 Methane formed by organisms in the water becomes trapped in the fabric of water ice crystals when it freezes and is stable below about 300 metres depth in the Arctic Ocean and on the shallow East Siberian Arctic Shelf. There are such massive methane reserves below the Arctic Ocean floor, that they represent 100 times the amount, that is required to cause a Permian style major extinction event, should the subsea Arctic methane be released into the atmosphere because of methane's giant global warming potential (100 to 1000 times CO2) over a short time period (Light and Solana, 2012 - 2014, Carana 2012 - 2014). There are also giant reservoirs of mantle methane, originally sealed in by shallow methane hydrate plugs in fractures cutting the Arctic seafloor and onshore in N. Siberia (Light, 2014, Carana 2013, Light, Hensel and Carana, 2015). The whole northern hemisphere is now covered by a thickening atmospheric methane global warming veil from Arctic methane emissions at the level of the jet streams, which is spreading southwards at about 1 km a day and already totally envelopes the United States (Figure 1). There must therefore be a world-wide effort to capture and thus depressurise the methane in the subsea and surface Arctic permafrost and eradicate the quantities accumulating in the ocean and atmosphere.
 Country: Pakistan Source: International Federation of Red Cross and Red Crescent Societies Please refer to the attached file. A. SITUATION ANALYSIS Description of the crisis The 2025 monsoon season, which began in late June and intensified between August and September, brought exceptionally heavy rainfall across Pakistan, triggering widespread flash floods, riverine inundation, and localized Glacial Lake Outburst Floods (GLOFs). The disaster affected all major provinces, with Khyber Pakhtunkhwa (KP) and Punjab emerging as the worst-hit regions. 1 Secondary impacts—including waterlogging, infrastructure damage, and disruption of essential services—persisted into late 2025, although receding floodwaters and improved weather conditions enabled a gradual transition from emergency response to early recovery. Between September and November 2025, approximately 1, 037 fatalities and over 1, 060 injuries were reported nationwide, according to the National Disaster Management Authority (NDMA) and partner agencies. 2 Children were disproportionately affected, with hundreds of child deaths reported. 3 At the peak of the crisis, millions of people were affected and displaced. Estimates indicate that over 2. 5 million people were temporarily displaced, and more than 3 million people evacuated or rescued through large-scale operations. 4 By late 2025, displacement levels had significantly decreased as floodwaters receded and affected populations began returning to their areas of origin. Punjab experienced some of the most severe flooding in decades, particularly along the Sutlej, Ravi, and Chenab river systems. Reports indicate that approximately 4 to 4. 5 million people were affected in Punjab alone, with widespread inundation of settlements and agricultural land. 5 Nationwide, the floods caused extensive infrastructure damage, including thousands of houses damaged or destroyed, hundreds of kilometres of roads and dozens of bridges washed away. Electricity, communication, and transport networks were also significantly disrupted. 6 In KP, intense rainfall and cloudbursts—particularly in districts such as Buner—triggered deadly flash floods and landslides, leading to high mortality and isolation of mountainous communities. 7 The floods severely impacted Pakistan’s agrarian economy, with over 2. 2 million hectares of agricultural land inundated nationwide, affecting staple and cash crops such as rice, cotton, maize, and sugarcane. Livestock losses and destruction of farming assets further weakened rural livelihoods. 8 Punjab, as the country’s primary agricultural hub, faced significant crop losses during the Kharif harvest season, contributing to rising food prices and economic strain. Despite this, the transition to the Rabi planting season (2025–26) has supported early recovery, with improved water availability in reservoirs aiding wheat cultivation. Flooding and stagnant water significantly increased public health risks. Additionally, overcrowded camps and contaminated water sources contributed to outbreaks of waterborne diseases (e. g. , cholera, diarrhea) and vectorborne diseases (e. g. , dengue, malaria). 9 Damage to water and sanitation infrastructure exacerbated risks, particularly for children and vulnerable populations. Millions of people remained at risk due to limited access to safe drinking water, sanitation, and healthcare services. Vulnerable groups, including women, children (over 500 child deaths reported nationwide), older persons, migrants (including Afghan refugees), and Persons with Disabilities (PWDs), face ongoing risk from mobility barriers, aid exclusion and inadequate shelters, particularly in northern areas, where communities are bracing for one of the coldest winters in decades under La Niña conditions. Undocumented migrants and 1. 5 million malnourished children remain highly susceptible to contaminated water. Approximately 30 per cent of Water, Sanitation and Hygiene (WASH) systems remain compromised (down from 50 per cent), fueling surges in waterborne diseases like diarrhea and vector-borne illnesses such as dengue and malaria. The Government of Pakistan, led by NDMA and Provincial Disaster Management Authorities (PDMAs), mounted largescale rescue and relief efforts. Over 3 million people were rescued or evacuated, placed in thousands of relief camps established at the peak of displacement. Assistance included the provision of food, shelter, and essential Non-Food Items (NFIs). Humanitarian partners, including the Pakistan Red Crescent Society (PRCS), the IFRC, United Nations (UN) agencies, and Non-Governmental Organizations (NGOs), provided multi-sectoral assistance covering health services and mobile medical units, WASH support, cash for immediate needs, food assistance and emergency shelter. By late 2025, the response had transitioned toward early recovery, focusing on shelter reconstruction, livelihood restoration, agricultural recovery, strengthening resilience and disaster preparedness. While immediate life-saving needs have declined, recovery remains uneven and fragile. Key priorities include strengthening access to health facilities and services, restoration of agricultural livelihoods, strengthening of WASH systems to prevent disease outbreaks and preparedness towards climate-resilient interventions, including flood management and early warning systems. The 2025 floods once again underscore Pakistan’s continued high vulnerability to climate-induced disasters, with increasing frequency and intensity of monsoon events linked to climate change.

-.-.-

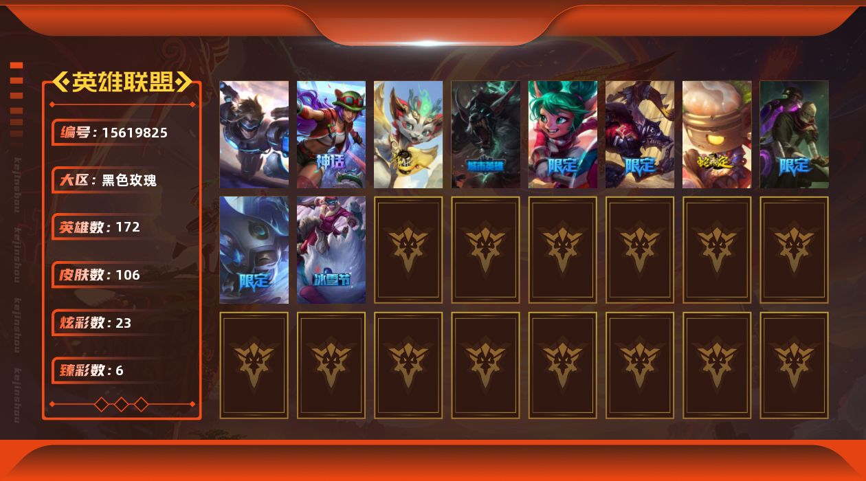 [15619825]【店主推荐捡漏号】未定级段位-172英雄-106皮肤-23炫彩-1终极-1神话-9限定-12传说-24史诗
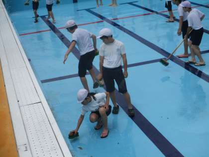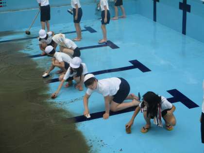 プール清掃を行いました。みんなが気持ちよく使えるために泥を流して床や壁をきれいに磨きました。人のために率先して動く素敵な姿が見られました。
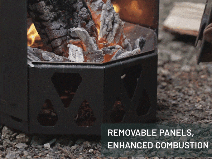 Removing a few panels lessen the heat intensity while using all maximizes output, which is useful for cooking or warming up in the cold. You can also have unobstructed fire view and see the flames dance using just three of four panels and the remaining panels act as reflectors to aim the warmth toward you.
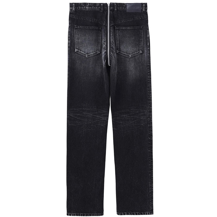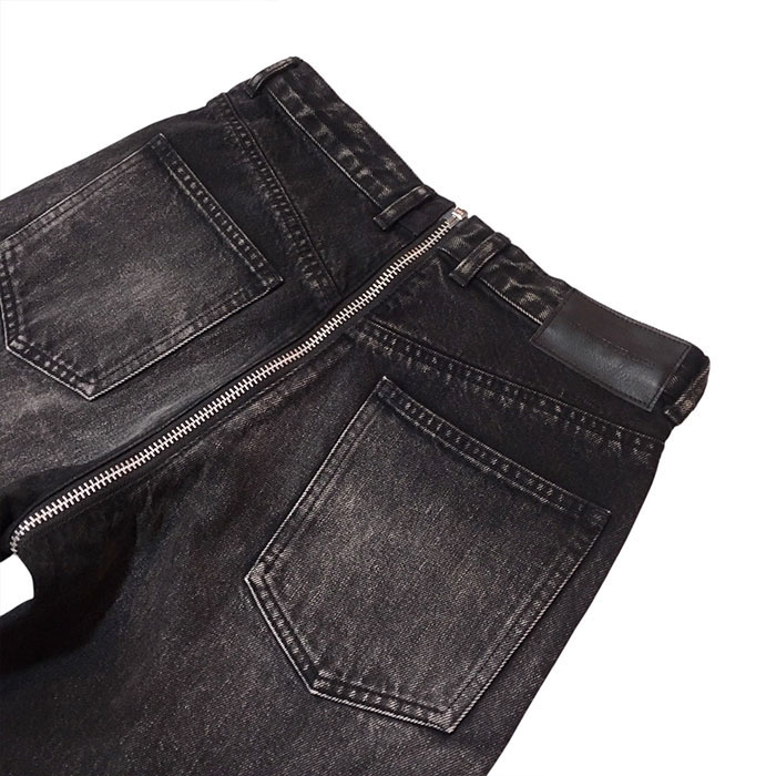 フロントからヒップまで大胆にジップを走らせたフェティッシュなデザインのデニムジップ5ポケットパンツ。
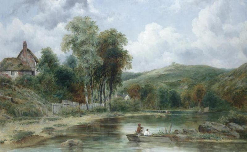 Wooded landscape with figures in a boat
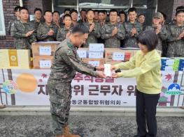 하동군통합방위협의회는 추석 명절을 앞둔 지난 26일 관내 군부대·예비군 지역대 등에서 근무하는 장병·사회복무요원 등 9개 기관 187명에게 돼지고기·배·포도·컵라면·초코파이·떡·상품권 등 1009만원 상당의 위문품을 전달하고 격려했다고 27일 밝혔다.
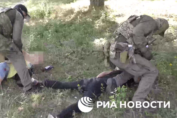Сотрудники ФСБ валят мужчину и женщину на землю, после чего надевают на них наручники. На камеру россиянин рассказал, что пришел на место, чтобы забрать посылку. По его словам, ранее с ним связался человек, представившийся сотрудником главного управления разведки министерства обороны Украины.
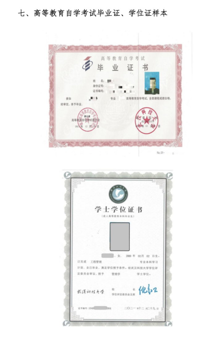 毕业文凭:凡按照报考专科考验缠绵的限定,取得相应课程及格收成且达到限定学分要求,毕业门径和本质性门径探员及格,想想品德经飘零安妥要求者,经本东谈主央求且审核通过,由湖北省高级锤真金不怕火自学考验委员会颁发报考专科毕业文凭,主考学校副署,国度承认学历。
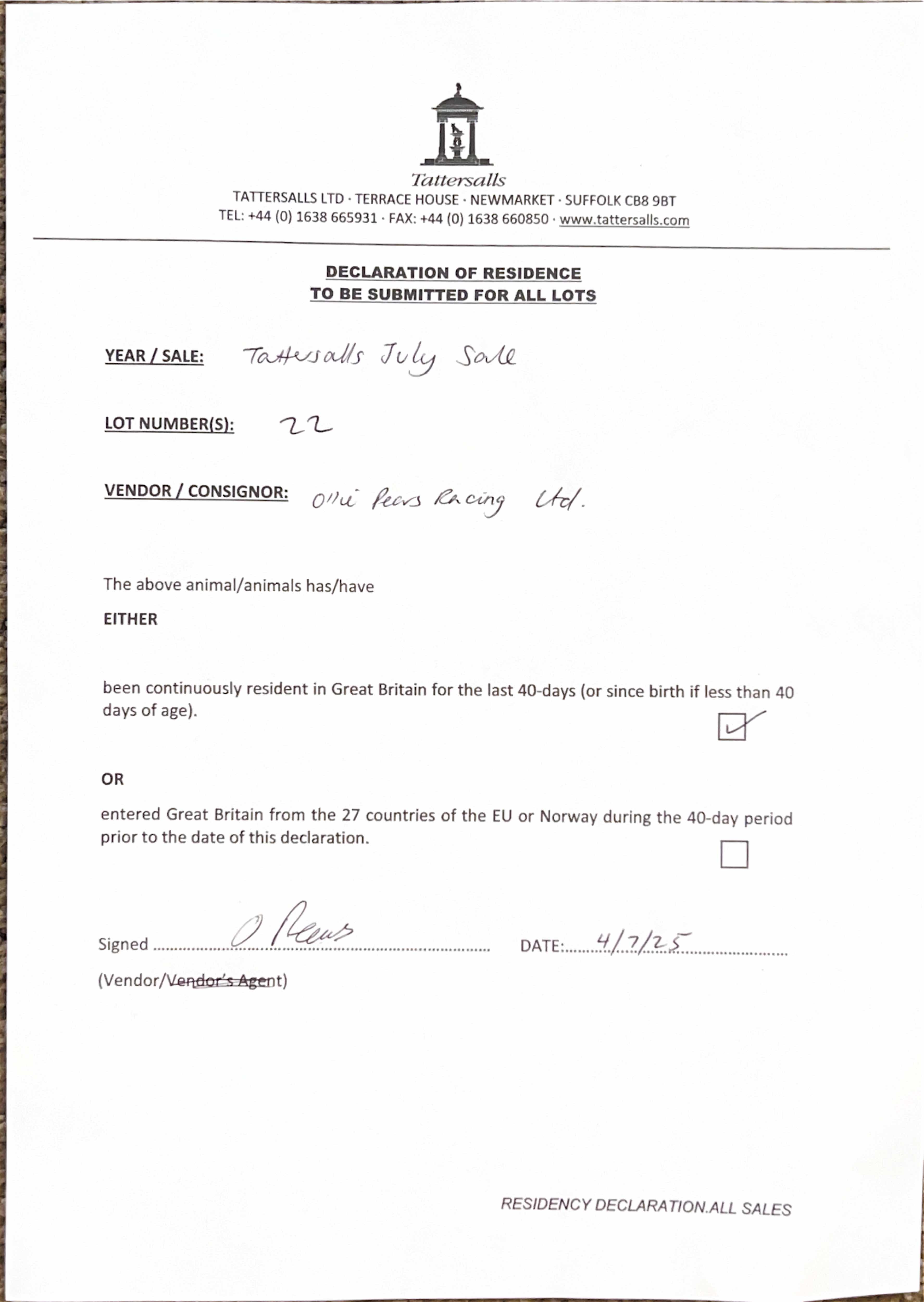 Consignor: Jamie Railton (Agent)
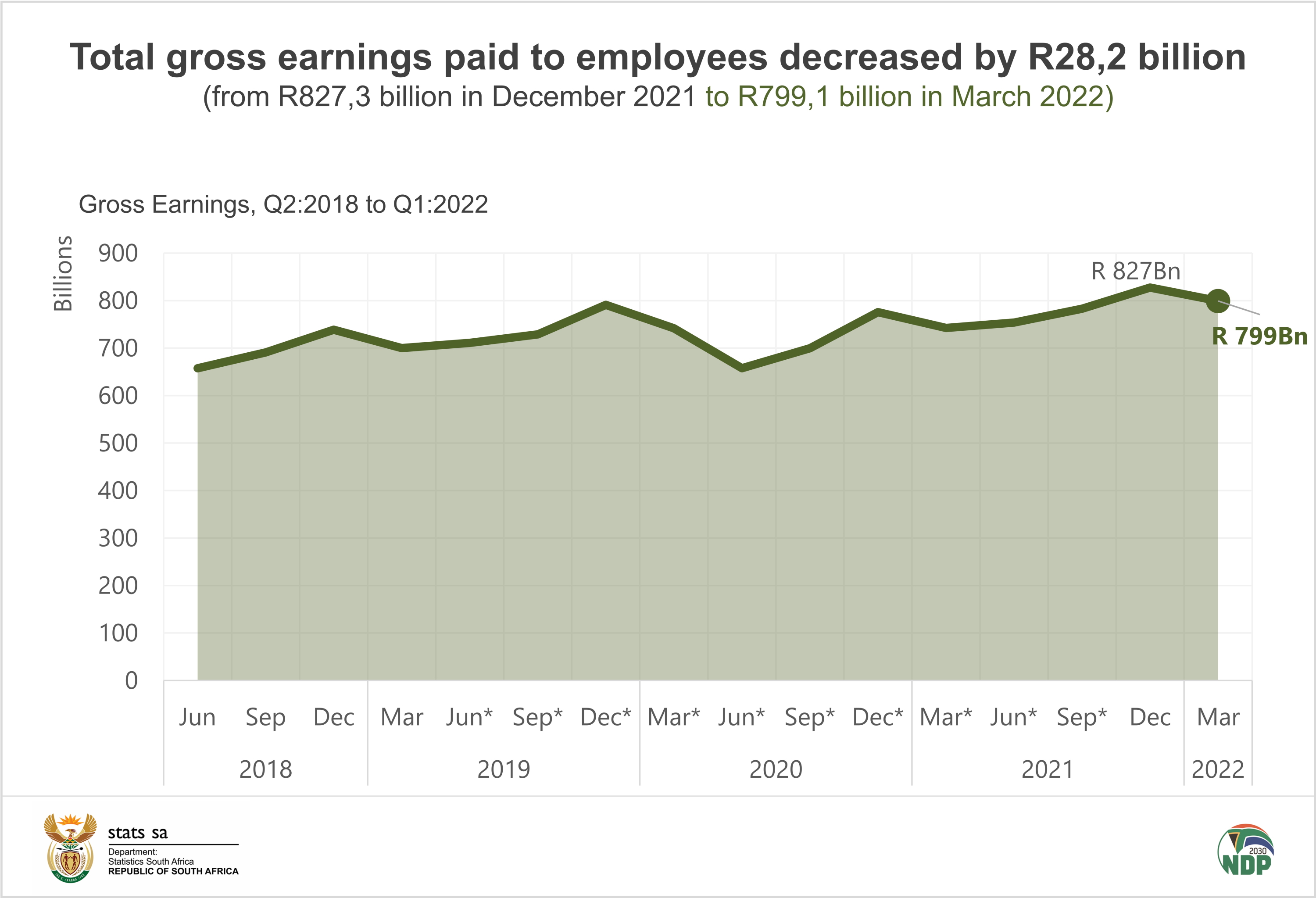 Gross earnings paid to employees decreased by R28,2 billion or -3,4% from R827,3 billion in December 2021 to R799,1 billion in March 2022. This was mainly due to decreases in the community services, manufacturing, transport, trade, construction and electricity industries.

-.-.-

For this exercise, please set down exactly the lines of the listing above from the line with "フロントからヒップまで大胆に" up to and including the line with "하동군통합방위협의회는 추석 명절을", and no pictures.

[Solution to this task]:
 フロントからヒップまで大胆にジップを走らせたフェティッシュなデザインのデニムジップ5ポケットパンツ。
 Wooded landscape with figures in a boat
 하동군통합방위협의회는 추석 명절을 앞둔 지난 26일 관내 군부대·예비군 지역대 등에서 근무하는 장병·사회복무요원 등 9개 기관 187명에게 돼지고기·배·포도·컵라면·초코파이·떡·상품권 등 1009만원 상당의 위문품을 전달하고 격려했다고 27일 밝혔다.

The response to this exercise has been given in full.